May 23, 2012, 11:50 PM EST
On Wednesday, the Big East made official what we had all suspected: that the Big East tournament would be expanding to include all 18 teams that will be members in the 2013-2014 season.
I’ve already told you that I am not a fan of this particular move.
But that doesn’t mean that every decision that the Big East made at their meetings in Florida this week was a bad one. The Big East will be adjusting the format for their tournament by eliminating the double-bye. The way the bracket is currently structured, the bottom eight seeds play each other on the Tuesday of the tournament, with the winners advancing to play the No. 5-No. 8 seeds and those winners advancing to take on the top four teams.
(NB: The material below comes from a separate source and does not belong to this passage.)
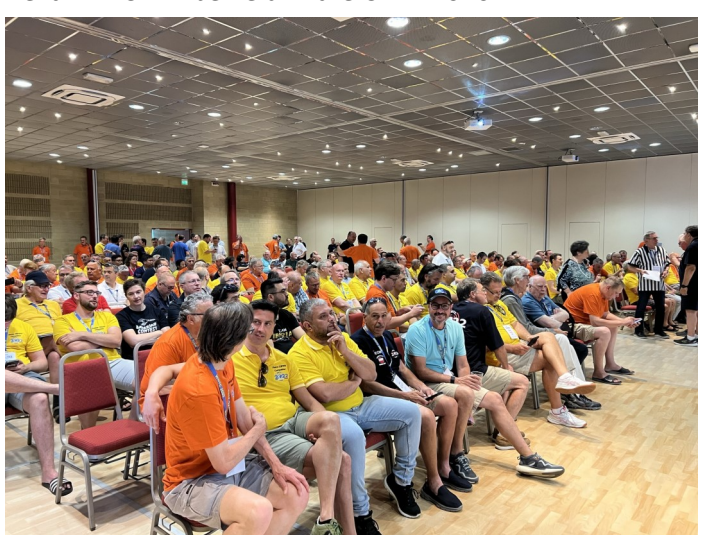
WRTC 2023 contestants and referees waiting for the assignment of call signs to the participating groups

I did not work I44W, the winner, on 20m CW, but I did work I43C (DJ5MW & DL1IAO) who were second, and also I49D (9A7DX & 9A3LG) who came in third. Because covid caused some disruption to the WRTC schedule the next WRTC will be held in the UK in 2026.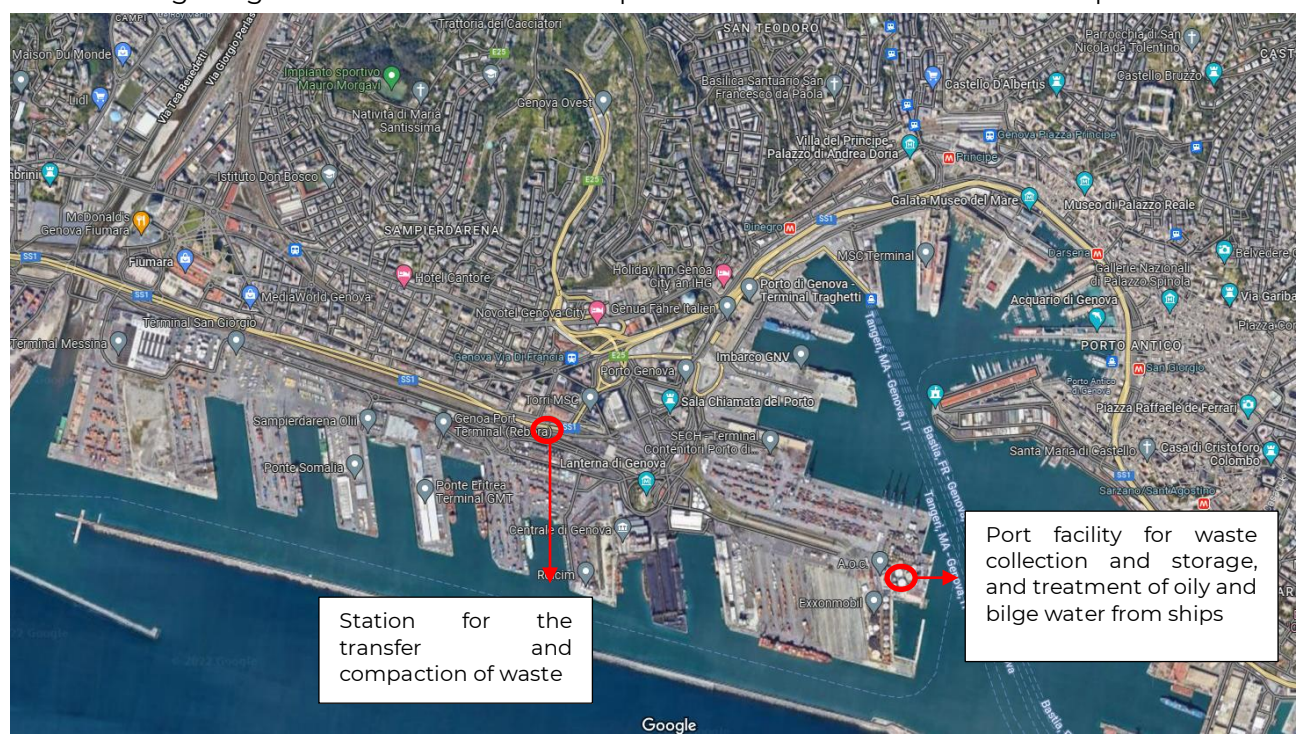
Figure 1 – Location of the facilities, Ports of Genoa

The following image shows the location of the port waste collection facilities in the ports of Genoa.

The new setup will be the standard bracket. The top four seeds will play the bottom four seeds on Tuesday, with No. 1 and No. 2 taking on the winners of the play-in games — No. 15 vs. No. 18 and No. 16 vs. No. 17. On Wednesday, the middle eight teams will play, with the winners advancing to play on Thursday in the quarterfinals. The advantage gained for finishing in the top four in the regular season will be the day off in the middle of the tournament.
Honestly, I like this setup better.
For starters, the top four seeds are generally going to be the teams that draw bigger crowds — Syracuse, UConn, Louisville, etc. Those fans are more likely to attend games on a Tuesday than those of programs finishing in the bottom half of the bracket. It may not be a packed house in the Garden, but I’d be willing to bet that there will be more rear-ends in seats on the first day of the tournament that the current structure.
I also don’t think that there will be a huge risk of an upset on Tuesday. The teams at the bottom of the Big East have not been good since the league expanded to 16 teams, and that was before Houston, Central Florida and SMU were added. Upsets of the top four seeds are fairly rare in the NCAA tournament, and those teams pulling the upsets are at least conference champions. Not teams that can’t avoid finishing in the bottom third of an 18 team conference.
If we’re going to be stuck with 18 teams, this setup is the lesser of two evils.